I wanted to avoid touching the vnode unnecessarily. This still can return an error normally and just grab an address to do_inact as the second argument.

Either way I don't know what the error is supposed to signify here or how it can be handled. If the answer is to just proceed with inactive then there is no difference from vputx's pov.

kib added inline comments.Mon, Aug 26, 11:59 AM
sys/kern/vfs_subr.c
2901 ↗(On Diff #61272)

Why not to push this condition into stdneed_inactive() ?

kib added inline comments.Mon, Aug 26, 12:03 PM
sys/kern/vfs_subr.c
2901 ↗(On Diff #61272)

Or rather, I do not understand the presence of this test at all, since stdneed_inactive() always set VI_OWEINACT.

mjg added inline comments.Mon, Aug 26, 9:44 PM
sys/kern/vfs_subr.c
2901 ↗(On Diff #61272)

Then who is supposed to be perform this check? vinactive performs the check and calls vm_object_page_clean(), that's outside of whatever happens in VOP_INACTIVE. Adding the check here preserves the behavior (of not requiring NEED_INACTIVE to look at it).

I don't have a strong opinion one way or the other, just want to push optional inactive processing through.

kib added inline comments.Tue, Aug 27, 1:32 PM
sys/kern/vfs_subr.c
2901 ↗(On Diff #61272)

This check and the action that it gates, are required when moving the vnode from active to inactive list, because syncer only flushes pages for active vnodes. Without the check, dirty pages for the inactivated vnode could keep unsynced for arbitrary long time, causing user data loss on crash or power failure.

In the current patch, vinactive() is called always, except for the tmpfs vnodes. If a filesystem starts providing its own implementation of NEED_INACTIVE(), it should handle that as well (but e.g. if the filesystem is ro, there is no need).
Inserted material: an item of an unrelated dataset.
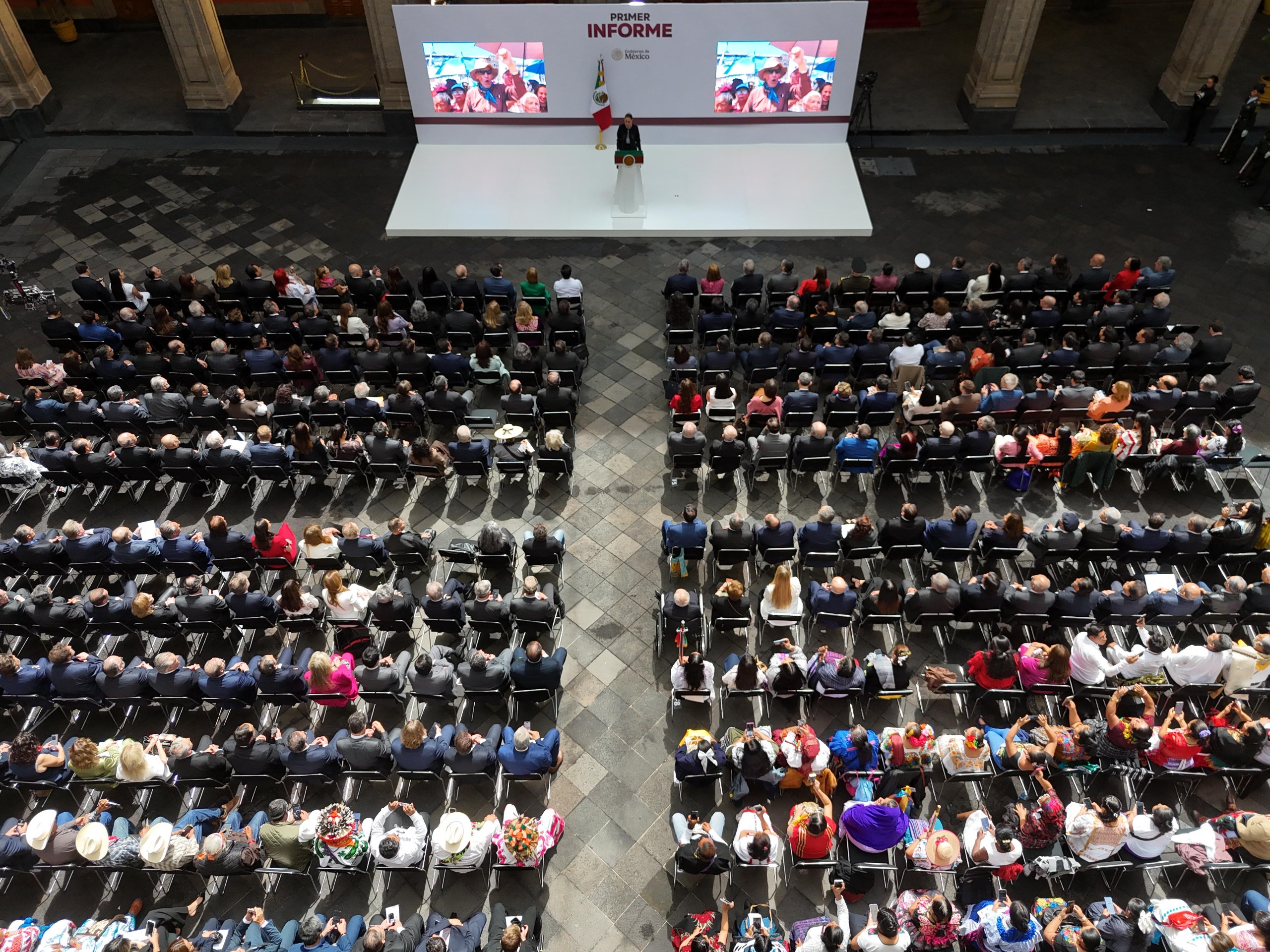 La mandataria enfatizó que, en once meses, los programas de Bienestar alcanzan a 32 millones de familias, se puso en marcha el plan Salud Casa por Casa y la Pensión Mujeres Bienestar. En seguridad, informó que los homicidios dolosos disminuyeron 25% y los feminicidios 34%.

mjg updated this revision to Diff 61357.EditedTue, Aug 27, 3:20 PM
mjg retitled this revision from [wip] vfs: add VOP_VPUTX to vfs: add VOP_NEED_INACTIVE.

following the irc discussion:

  • make the return value to indicate whether inactive is needed
  • provide vn_need_pageq_flush, a helper for filesystems
  • use the default routine in unionfs and nullfs

modulo perhaps some nits I think this is in a committable form (after it gets tested). I'll add zfs and nullfs routines and ask pho.

kib accepted this revision.Tue, Aug 27, 3:52 PM
This revision is now accepted and ready to land.Tue, Aug 27, 3:52 PM
mjg updated this revision to Diff 61416.EditedWed, Aug 28, 7:11 PM
  • fix a VI_DOOMED race found by pho

Now the patch passes stress2.

This revision now requires review to proceed.Wed, Aug 28, 7:11 PM
mjg added a comment.Wed, Aug 28, 7:11 PM

nullfs bit will be handled in a different review

kib accepted this revision.Wed, Aug 28, 8:23 PM
This revision is now accepted and ready to land.Wed, Aug 28, 8:23 PM
This revision was automatically updated to reflect the committed changes.